Rhuarc en fronça les sourcils de surprise.
— Tu n’as pas reconnu cet événement ? Mais au fond, ça n’a rien d’étonnant, puisque tu n’as pas grandi en écoutant les récits des anciens. Si on en croit ces histoires, entre le début de la Dislocation du Monde et notre entrée dans la Tierce Terre, un seul peuple ne nous a pas attaqués. Et ce même peuple fut le seul à nous laisser libre accès à son eau quand nous en avions besoin. Il nous a fallu longtemps pour découvrir de quel peuple il s’agissait. Hélas, tout cela n’a plus cours. L’accord de paix n’existe plus, parce que les tueurs d’arbre nous ont craché au visage.
— Le Cairhien, dit Rand. Tu parles du Cairhien, d’Avendoraldera et du roi Laman qui a coupé l’Arbre.
— Il a payé ce crime de sa vie, rappela Rhuarc, et nous en avons fini avec les briseurs de serment. (Il jeta un regard en coin à Rand.) Certains d’entre nous, comme Couladin, pensent que nous ne pouvons pas nous fier à quiconque n’est pas un Aiel. C’est en partie pour ça qu’il te déteste. En partie… Il prendra pour des mensonges ce que clament ton visage et ton sang. Ou il fera semblant de penser ainsi.
Rand secoua la tête. Moiraine parlait parfois de la complexité du Lacis d’un Âge, sa Trame tissée par la Roue du Temps avec les vies humaines en guise de fil.
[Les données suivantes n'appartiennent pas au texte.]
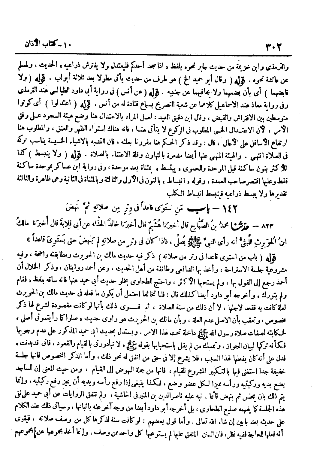 ذَكَرَ فِيهِ حَدِيثَ مَالِكِ بْنِ الْحُوَيْرِثِ وَمُطَابَقَتُهُ وَاضِحَةٌ وَفِيهِ مَشْرُوعِيَّةُ جِلْسَةِ الِاسْتِرَاحَةِ وَأَخَذَ بِهَا الشَّافِعِيُّ وَطَائِفَةٌ مِنْ أَهْلِ الْحَدِيثِ وَعَنْ أَحْمَدَ رِوَايَتَانِ وَذَكَرَ الْخَلَّالُ أَنَّ أَحْمَدَ رَجَعَ إِلَى الْقَوْلِ بِهَا وَلَمْ يَسْتَحِبَّهَا الْأَكْثَرُ وَاحْتَجَّ الطَّحَاوِيُّ بِخُلُوِّ حَدِيثِ أَبِي حُمَيْدٍ عَنْهَا فَإِنَّهُ سَاقَهُ بِلَفْظِ فَقَامَ وَلَمْ يَتَوَرَّكْ وَأَخْرَجَهُ أَبُو دَاوُدَ أَيْضًا كَذَلِكَ قَالَ فَلَمَّا تَخَالَفَا احْتَمَلَ أَنْ يَكُونَ مَا فَعَلَهُ فِي حَدِيثِ مَالِكِ بْنِ الْحُوَيْرِثِ لِعِلَّةٍ كَانَتْ بِهِ فَقَعَدَ لِأَجْلِهَا لَا أَنَّ ذَلِكَ مِنْ سُنَّةِ الصَّلَاةِ ثُمَّ قَوَّى ذَلِكَ بِأَنَّهَا لَوْ كَانَتْ مَقْصُودَةً لَشُرِعَ لَهَا ذِكْرٌ مَخْصُوصٌ وَتُعُقِّبَ بِأَنَّ الْأَصْلَ عَدَمُ الْعِلَّةِ وَبِأَنَّ مَالِكَ بْنَ الْحُوَيْرِثِ هُوَ رَاوِي حَدِيثِ صَلُّوا كَمَا رَأَيْتُمُونِي أُصَلِّي فَحِكَايَتُهُ لِصِفَاتِ صَلَاةُ رَسُولِ اللَّهِ صَلَّى اللَّهُ عَلَيْهِ وَسَلَّمَ دَاخِلَةٌ تَحْتَ هَذَا الْأَمْرِ وَيُسْتَدَلُّ بِحَدِيثِ أَبِي حُمَيْدٍ الْمَذْكُورِ عَلَى عَدَمِ وُجُوبِهَا فَكَأَنَّهُ تَرَكَهَا لِبَيَانِ الْجَوَازِ وَتَمَسَّكَ مَنْ لَمْ يَقُلْ بِاسْتِحْبَابِهَا بِقَوْلِهِ صَلَّى اللَّهُ عَلَيْهِ وَسَلَّمَ لَا تُبَادِرُونِي بِالْقِيَامِ وَالْقُعُودِ فَإِنِّي قَدْ بَدَّنْتُ فَدَلَّ عَلَى أَنَّهُ كَانَ يَفْعَلُهَا لِهَذَا السَّبَبِ فَلَا يُشْرَعُ إِلَّا فِي حَقِّ مَنِ اتَّفَقَ لَهُ نَحْوُ ذَلِكَ وَأَمَّا الذِّكْرُ الْمَخْصُوصُ فَإِنَّهَا جِلْسَةٌ خَفِيفَةٌ جِدًّا اسْتُغْنِيَ فِيهَا بِالتَّكْبِيرِ الْمَشْرُوعِ لِلْقِيَامِ فَإِنَّهَا مِنْ جُمْلَةِ النُّهُوضِ إِلَى الْقِيَامِ وَمِنْ حَيْثُ الْمَعْنَى إِنَّ السَّاجِدَ يَضَعُ يَدَيْهِ وَرُكْبَتَيْهِ وَرَأْسَهُ مُمَيِّزًا لِكُلِّ عُضْوٍ وَضَعَ فَكَذَا يَنْبَغِي إِذَا رَفَعَ رَأْسَهُ وَيَدَيْهِ أَنْ يُمَيِّزَ رَفْعَ رُكْبَتَيْهِ وَإِنَّمَا يَتِمُّ ذَلِكَ بِأَنْ يَجْلِسَ ثُمَّ يَنْهَضَ قَائِمًا نَبَّهَ عَلَيْهِ نَاصِرُ الدِّينِ بْنُ الْمُنِيرِ فِي الْحَاشِيَةِ وَلَمْ تَتَّفِقِ الرِّوَايَاتُ عَنْ أَبِي حُمَيْدٍ عَلَى نَفْيِ هَذِهِ الْجِلْسَةِ كَمَا يُفْهِمُهُ صَنِيعُ الطَّحَاوِيِّ بَلْ أَخْرَجَهُ أَبُو دَاوُدَ أَيْضًا مِنْ وَجْهٍ آخَرَ عَنْهُ بِإِثْبَاتِهَا وَسَيَأْتِي ذَلِكَ عِنْدَ الْكَلَامِ عَلَى حَدِيثِهِ بَعْدَ بَابَيْنِ إِنْ شَاءَ اللَّهُ تَعَالَى وَأَمَّا قَوْلُ بَعْضِهِمْ لَوْ كَانَتْ سُنَّةً لَذَكَرَهَا كُلُّ مَنْ وَصَفَ صَلَاتَهُ فَيُقَوِّي أَنَّهُ فَعَلَهَا لِلْحَاجَةِ فَفِيهِ نَظَرٌ فَإِنَّ السُّنَنَ الْمُتَّفَقَ عَلَيْهَا لَمْ يَسْتَوْعِبْهَا كُلُّ وَاحِدٍ مِمَّنْ وَصَفَ وَإِنَّمَا أُخِذَ مَجْمُوعُهَا عَنْ مجموعهم

Si les ancêtres des Cairhieniens, trois mille ans plus tôt, n’avaient pas partagé l’eau avec les Aiels, le royaume n’aurait jamais eu le droit d’emprunter la route de la Soie à travers le désert des Aiels, une bouture d’Avendesora scellant cet accord. Sans ce symbole du pacte, le roi Laman n’aurait eu aucun arbre à couper. La guerre des Aiels n’aurait en conséquence jamais eu lieu, empêchant que Rand naisse sur un versant du pic du Dragon, soit découvert par Tam puis amené à Deux-Rivières pour y grandir. Combien y avait-il de points d’inflexion semblables ? D’événements susceptibles d’influencer le tissage de la Trame pendant des millénaires ? De milliers d’intersections en générant des milliers d’autres, chacune modifiant la forme et l’orientation de la Trame ? En un sens, Rand était un point d’inflexion vivant, comme Mat et Perrin, pour ce qu’il en savait. Ce qu’ils faisaient ou ne faisaient pas avait des conséquences bien au-delà des années de leur vie – à travers les Âges, probablement.
Rand regarda Mat qui se traînait sur la pente, appuyé sur sa lance. La tête dans les épaules, il plissait toujours les yeux de douleur.
À quoi a donc pensé le Créateur quand il a fait reposer l’avenir sur les épaules de trois jeunes fermiers ? Mais je ne peux me débarrasser de ce fardeau. Il faudra le porter jusqu’au bout, quel que soit le prix à payer.